[[ DATA BLOCK open ]]

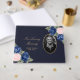 Dieses wunderschöne blaue Blumenbuch mit einem Foto mit blauen und rosafarbenen Rosen und blauen Blume auf dunkelblauem Hintergrund macht es leicht, diese wunderschöne Blüte zu personalisieren.
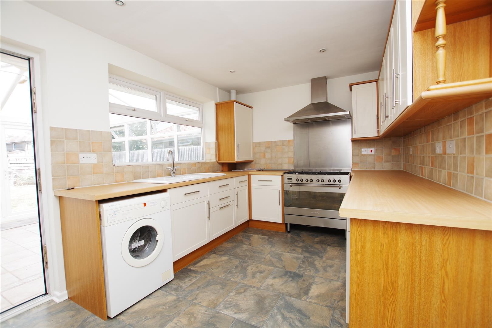 uPVC window and door to conservatory. Matching wall and base units with rolled edge worktops over. Ceramic sink and drainer with half bowl. Freestanding Range cooker with six gas burner and triple extractor hood over. Space and plumbing for washing machine. Integral fridge and freezer. Part tiled walls. Tile effect flooring. Inset ceiling lights. Radiator.
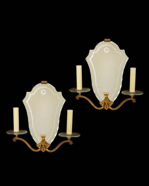 Art Deco etched mirrored back two light sconces with bronze frames and glass bobeches, France circa 1930.
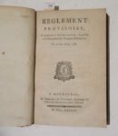 REGLEMENT provisoire, concernant le service intérieur, la police et la discipline des troupes d'infanterie. — Du premier juillet 1788. — Montauban, Teulières, 1789, in-8, 6 pl. dépl., demi-basane fauve, dos lisse orné (reliure de l'époque).

[[ DATA BLOCK closed ]]

§ **EXERCISE GOAL**: Return all the material exactly, pictures excluded.

§ **EXERCISE RESPONSE**:
 Dieses wunderschöne blaue Blumenbuch mit einem Foto mit blauen und rosafarbenen Rosen und blauen Blume auf dunkelblauem Hintergrund macht es leicht, diese wunderschöne Blüte zu personalisieren.
 uPVC window and door to conservatory. Matching wall and base units with rolled edge worktops over. Ceramic sink and drainer with half bowl. Freestanding Range cooker with six gas burner and triple extractor hood over. Space and plumbing for washing machine. Integral fridge and freezer. Part tiled walls. Tile effect flooring. Inset ceiling lights. Radiator.
 Art Deco etched mirrored back two light sconces with bronze frames and glass bobeches, France circa 1930.
 REGLEMENT provisoire, concernant le service intérieur, la police et la discipline des troupes d'infanterie. — Du premier juillet 1788. — Montauban, Teulières, 1789, in-8, 6 pl. dépl., demi-basane fauve, dos lisse orné (reliure de l'époque).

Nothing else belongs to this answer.